Global energy investment is set to reach a record $3.3trn in 2025, with clean technologies attracting more than twice the capital of fossil fuels, according to the International Energy Agency.
The IEA’s World Energy Investment 2025 report forecasts $2.2trn will be directed towards clean energy, including renewables, grids, storage, nuclear, and electrification. Fossil fuel investment is expected to total $1.1trn.
IEA executive director Fatih Birol said energy security is a key driver of this year’s record investment levels.
“Countries and companies are seeking to insulate themselves from a wide range of risks,” said Birol. “Despite geopolitical and economic uncertainties, most existing projects remain on track.”

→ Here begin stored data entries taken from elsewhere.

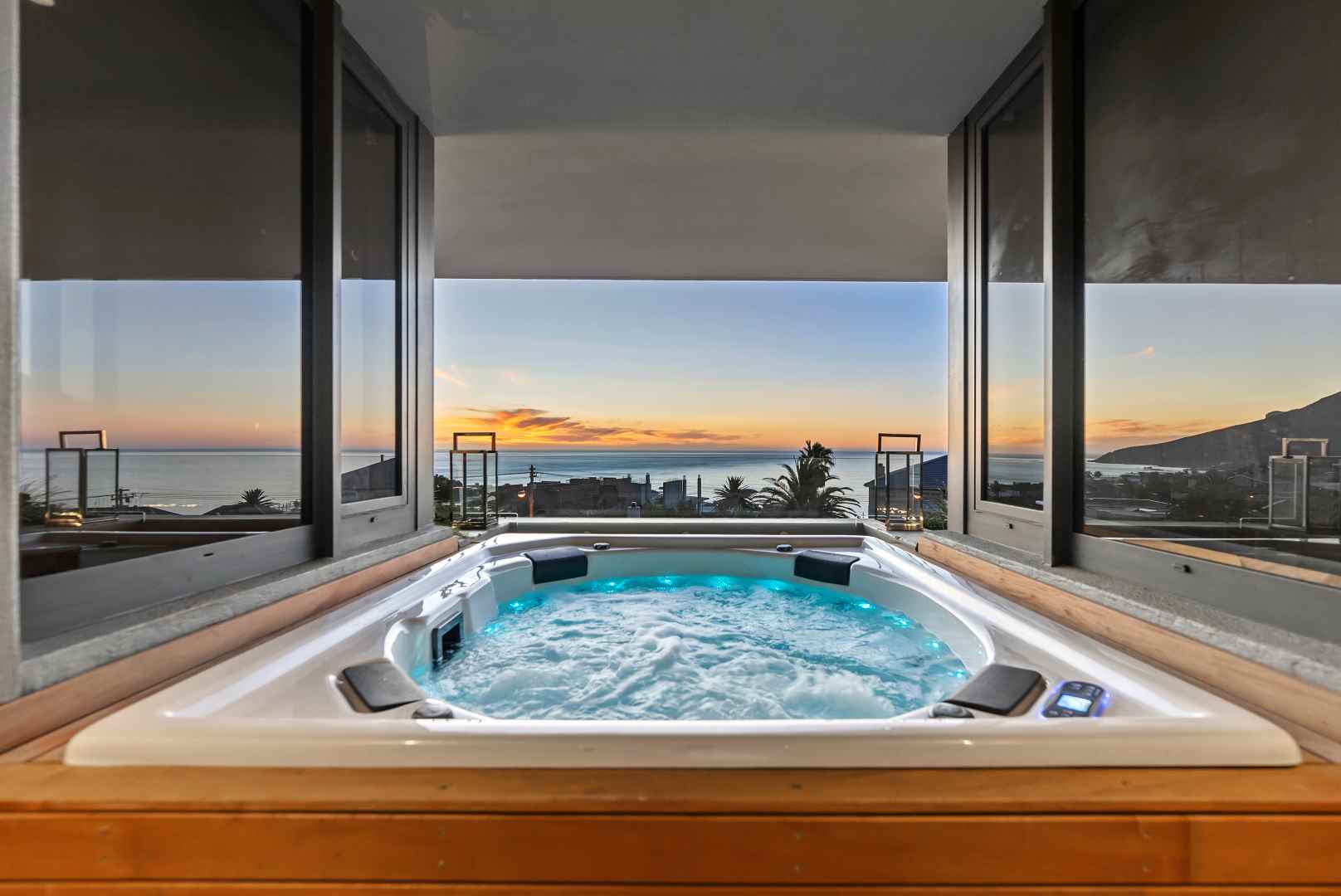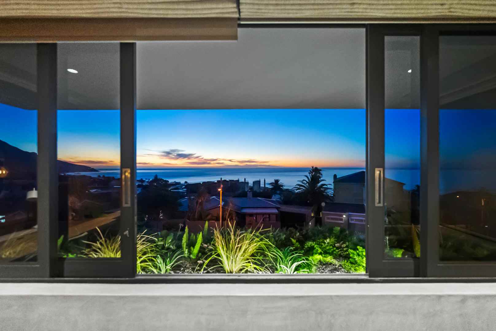Upon entering the home, you'll find yourself on the entry level, which features two spacious living areas seamlessly connected to an open-plan kitchen. This area flows effortlessly onto the entertainer's patio and pool area. The patio, located at the front of the house, is equipped with a built-in braai and provides ample room for both a lounge suite and a dining table. The pool is complemented by a side deck for sun loungers and is adorned with a charming Frangipani tree. With stunning views of the mountains and sea in the background, the patio offers a serene and peaceful retreat. Additionally, the front side of the house features a separate boma area, enhanced by ambient lighting and a Sonos sound system that transforms the atmosphere into something truly magical at night.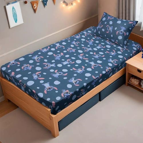 Com o querido personagem Stitch, da Disney, estampado na fronha e no lençol, este conjunto de cama vai encantar os pequenos fãs do desenho. A estampa divertida e colorida transforma o ambiente, criando um espaço lúdico e acolhedor. As cores vibrantes e a imagem carinhosa de Stitch fazem desse jogo de cama uma peça chave na decoração do quarto infantil, criando um ambiente alegre e cheio de personalidade.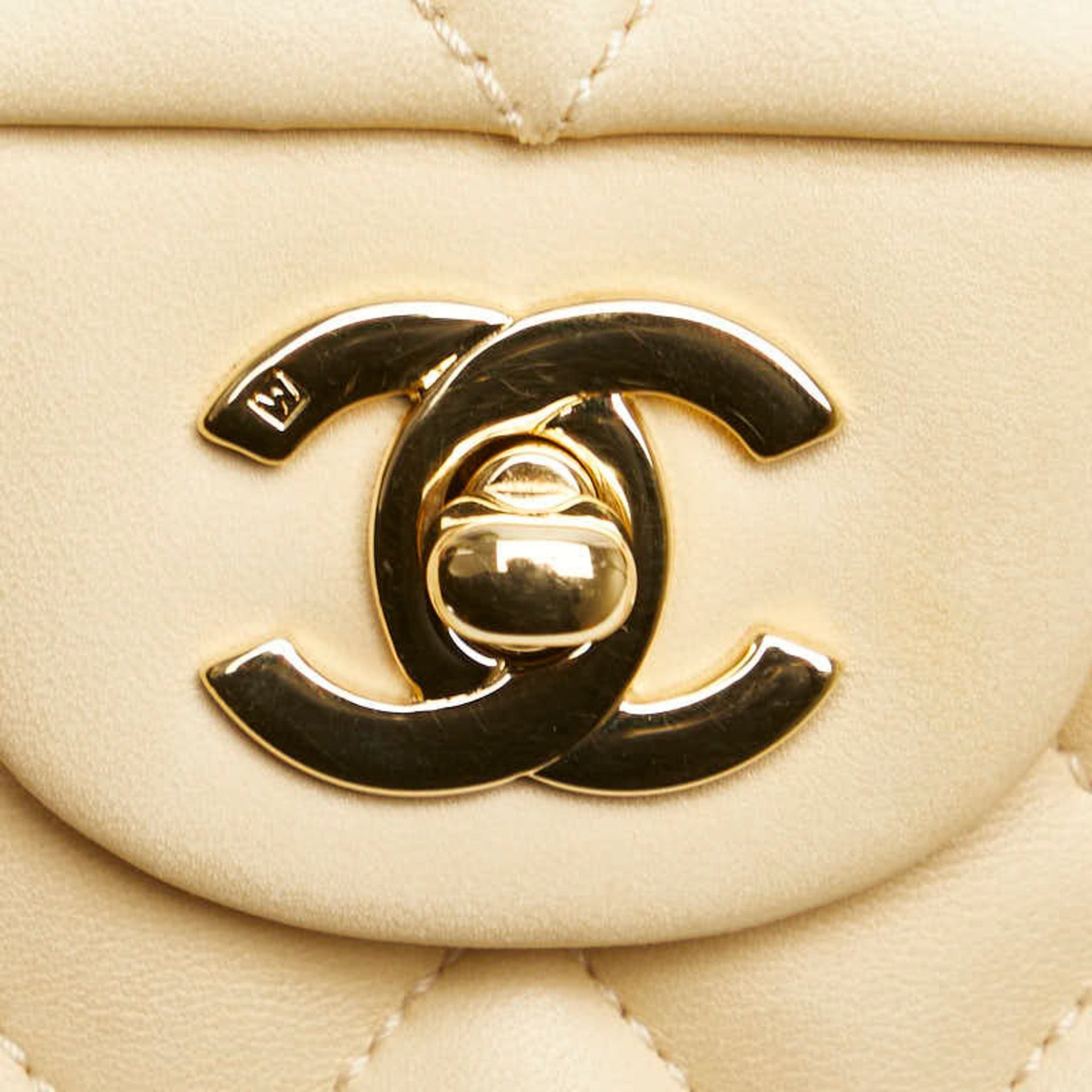CHANEL Coco Mark Matelasse 25 Double Flap Chain Shoulder Bag in Beige Lambskin for Women
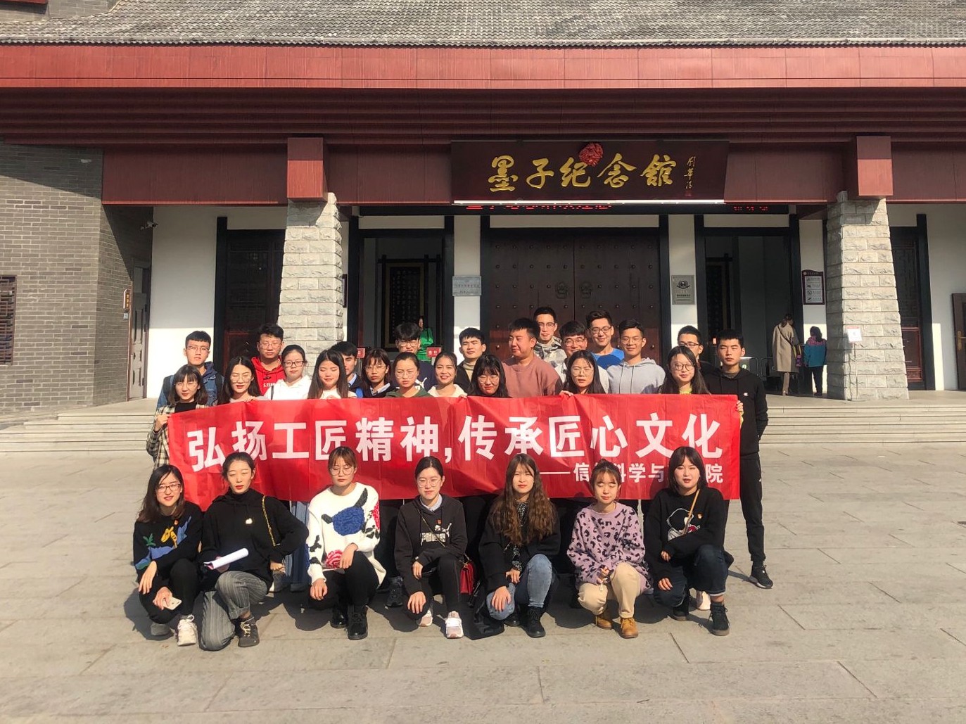 为进一步筑牢理想信念,深入推进“不忘初心、牢记使命”主题教育,结合公司专业认证工作,2019年11月16日上午,信息科学与工程公司组织师生党员和入党积极分子共36人,赴滕州墨子纪念馆,鲁班纪念馆参观学习,体验中华优秀文化,弘扬工匠精神,传承匠心文化。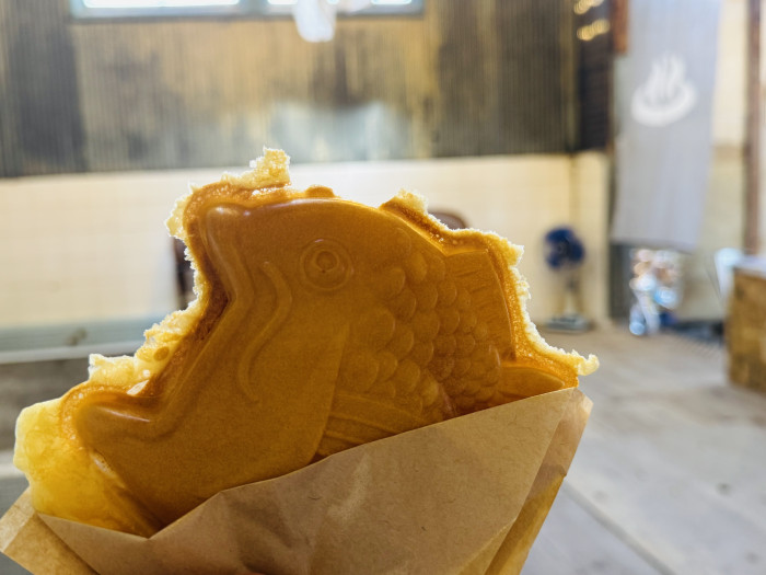コイ焼は熱々で、ほんのり甘くて絶妙においしい。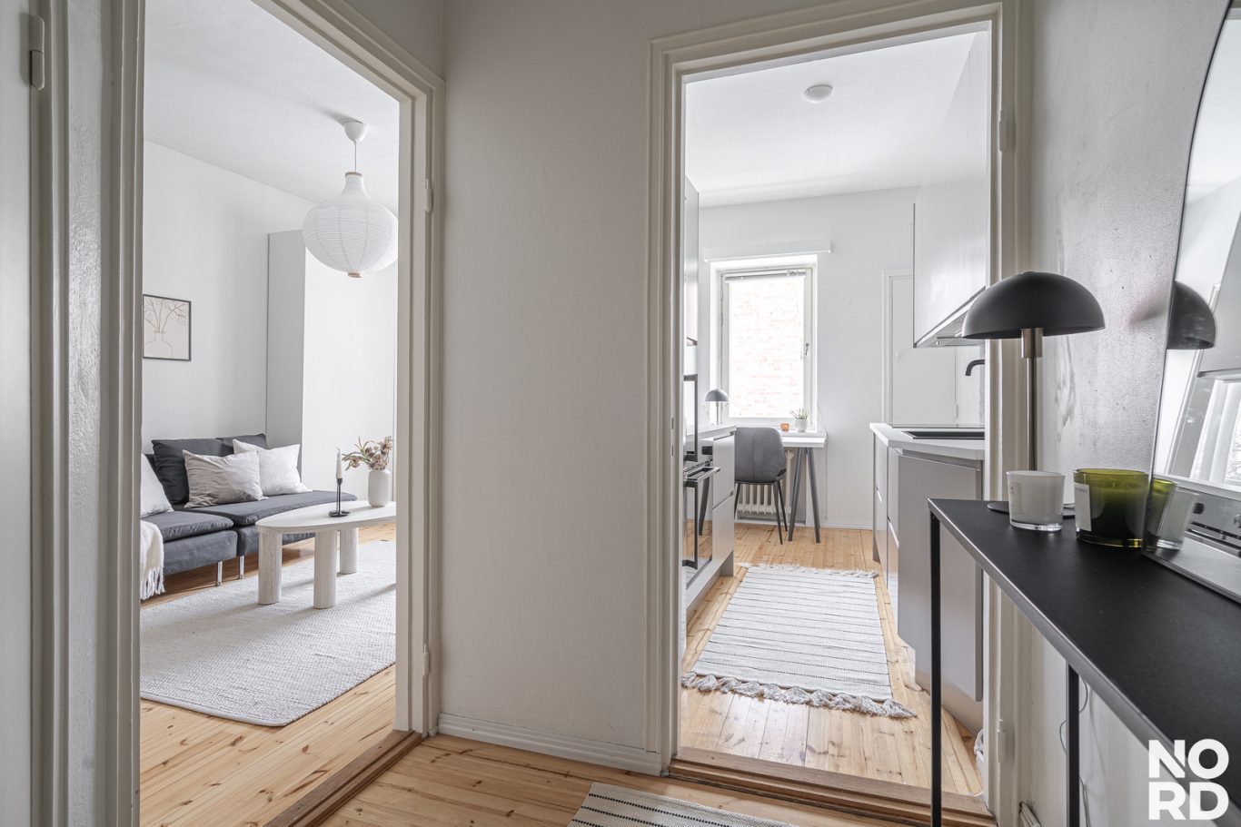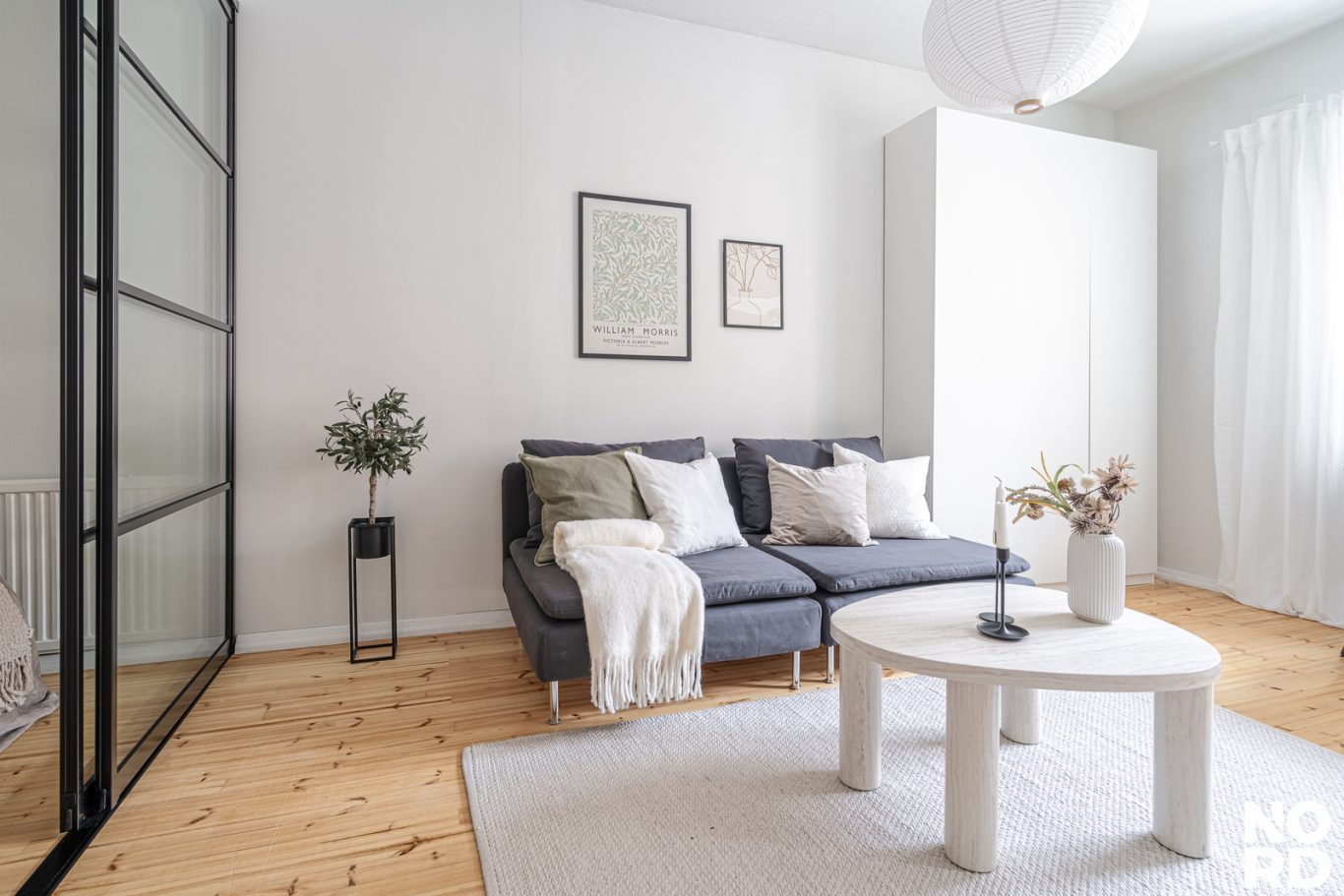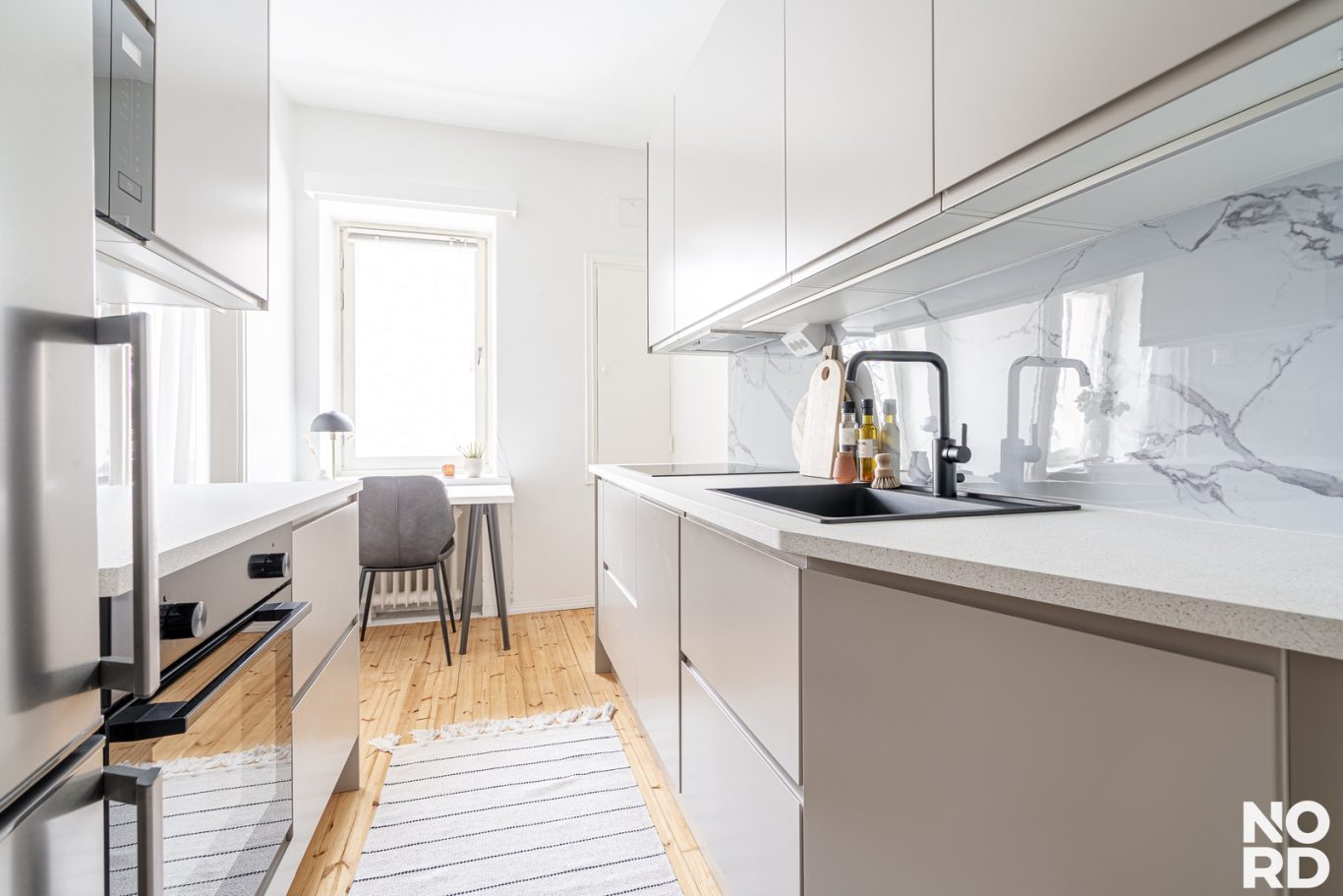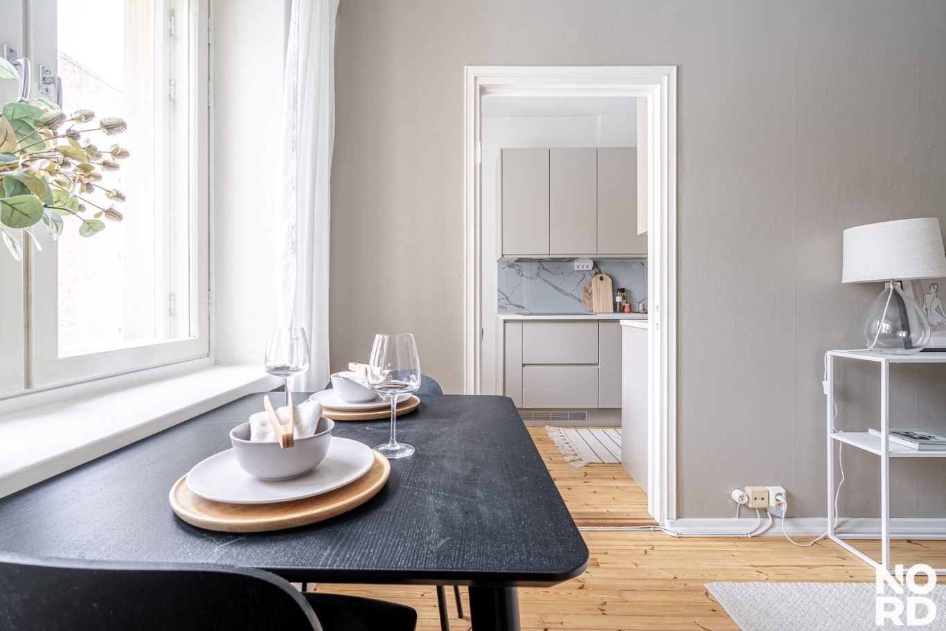 Asunnon pohjaratkaisu on toimiva ja tilava. Juuri remontoidussa keittiössä on runsaasti säilytys- ja laskutilaa sekä paikka pienelle ruokailuryhmälle. Suuren olohuoneen ikkuna avautuu vehreälle sisäpihalle ilman vastakkaisia ikkunoita. Olohuoneen yhteydessä oleva lasisin liukuovin varustettu alkovi tarjoaa tilaa parisängylle.

China remains the world’s largest energy investor, spending nearly as much as the EU and US combined, with almost one-third of global clean energy investment, the IEA said.
Solar PV is the dominant technology, expected to attract $450bn in investment this year. Battery storage is also rising rapidly, exceeding $65bn, while nuclear spending is on track to reach $75bn.
Electricity investment-including generation, grids and storage-is now 50% higher than fossil fuel supply spending. A decade ago, fossil fuels outpaced electricity by 30%.
However, the IEA warned grid investment-currently $400bn-is lagging behind and must rise to match generation spending by the early 2030s to ensure electricity security.
Upstream oil investment is projected to fall by 6% in 2025, driven by weaker demand and a sharp drop in US tight oil activity. By contrast, LNG investment is surging, with new capacity expected from 2026 to 2028 in the US, Qatar, Canada and other markets.
Spending remains highly uneven. Africa, home to 20% of the global population, accounts for just 2% of clean energy investment, the report noted. Total energy investment on the continent has declined by a third over the past decade.
The IEA said international public finance must scale up and be used strategically to unlock greater private capital in emerging and developing economies.